One of the declassified CIA documents, as reported by newspaper La Razón, states: "Felipe González has agreed to the creation of a group of mercenaries, to combat terrorists outside the law".

The release of the US documents confirms that the orders for the Spanish government-backed assassinations and bombings carried out by the GAL came all the way from the top. Felipe González, prime minister of the 13-year post-Franco government which was key in the evolution of today's Spanish state, has frequently been accused of being the figure known as "X" who approved the creation of the death squads to murder suspected ETA terrorists. Now, the released US documents provide further external evidence. Two members of González's government, José Barrionuevo and Rafael Vera, went to jail in the 1990s for their part in the GAL atrocities, which caused at least 27 violent deaths. 
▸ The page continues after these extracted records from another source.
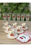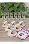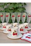 6 adet porselen kirazlı fincan, 6 adet porselen alt tabak.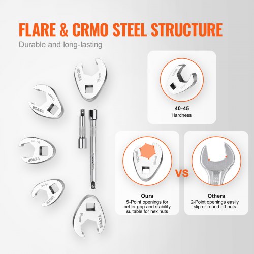 Crowfoot Wrench Set, 3/8" Drive 24-Piece Crows Foot Wrench Set with 2 Extension Bars and EVA Tool Organizer, SAE 3/8"-1" and Metric 10-22 mm, CRMO Steel and Mirror Chrome Finish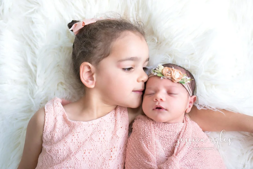 I did newborn portraits last year, and now they are celebrating their youngest's first birthday! Here is a picture of her and big sis from their newborn session last year!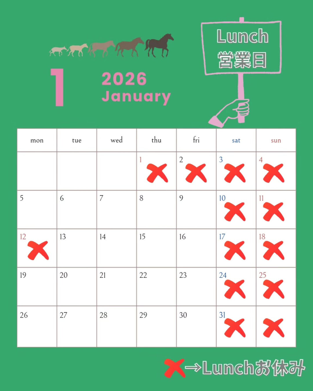 遅れましたが今月のLunch営業日カレンダー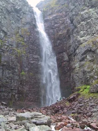 Fångat bra på bild,vattenfallet som störtar ner från hög höjd.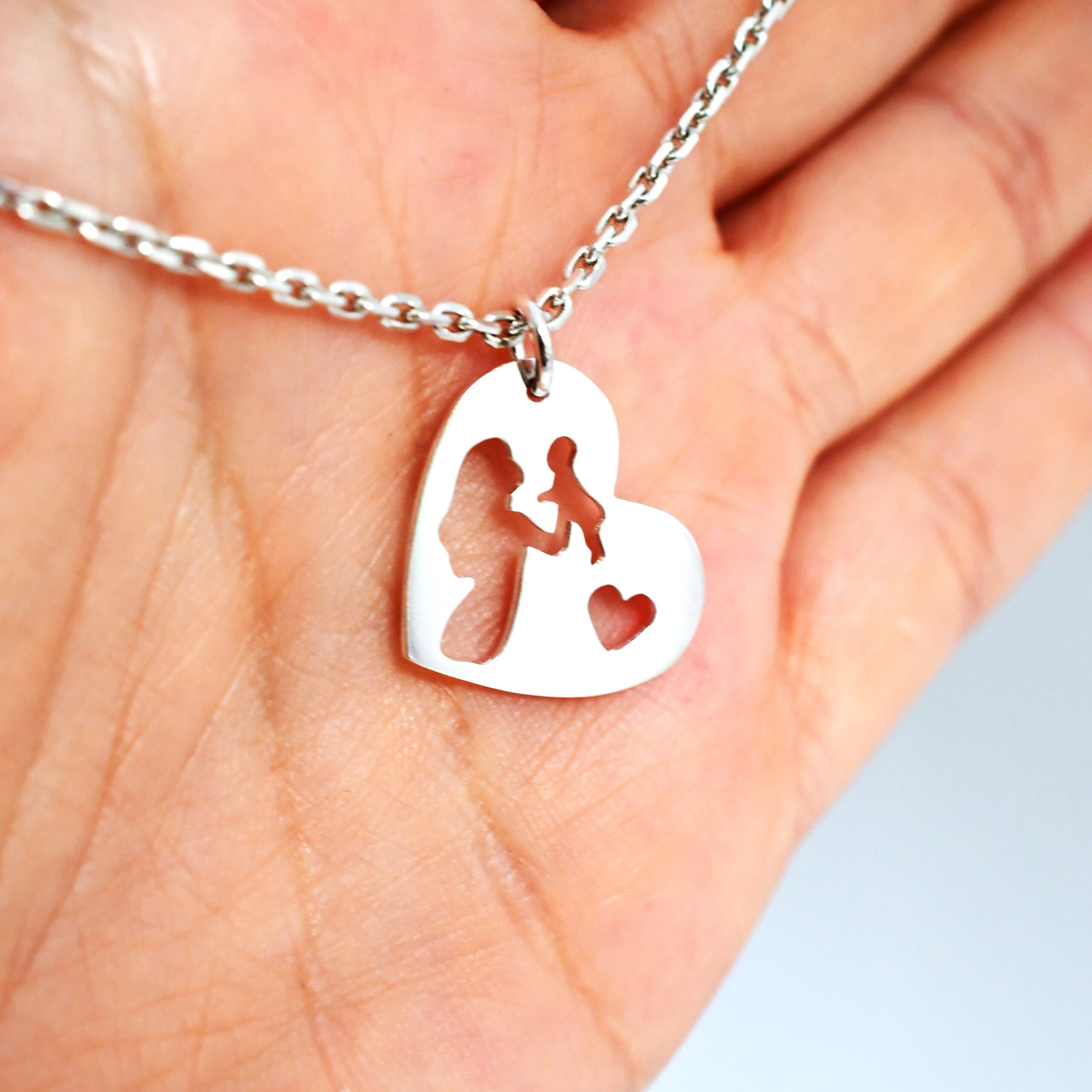Tento úžasný šperk, vyrobený s láskou a dôrazom na detail, obsahuje jemnú siluetu matky, ktorá drží v náručí svoje dieťa, vypílenú v prívesku v tvare srdca.

CIA agent Colin Winston, who wrote one of the reports, appears to have expressed surprise at the line being taken by the democratically-elected Socialist administration under González: "The Spanish government seems determined to adopt an unorthodox strategy in relation to ETA," he states in a 1984 summary entitled "Spain: Terrorist Resurgence".  After a phrase that has been censored, perhaps to indicate the name of the source, the CIA author writes that "González has agreed to the formation of a group of mercenaries, controlled by the army, to combat terrorists outside the law". 

After another censored phrase, the report adds that "the mercenaries would not necessarily be Spanish and their mission would be to assassinate ETA leaders in Spain and France." The Basque terrorist group ETA, which caused 829 deaths between the 1960s and 2011 was described by the CIA as "perhaps the greatest challenge facing the González administration." 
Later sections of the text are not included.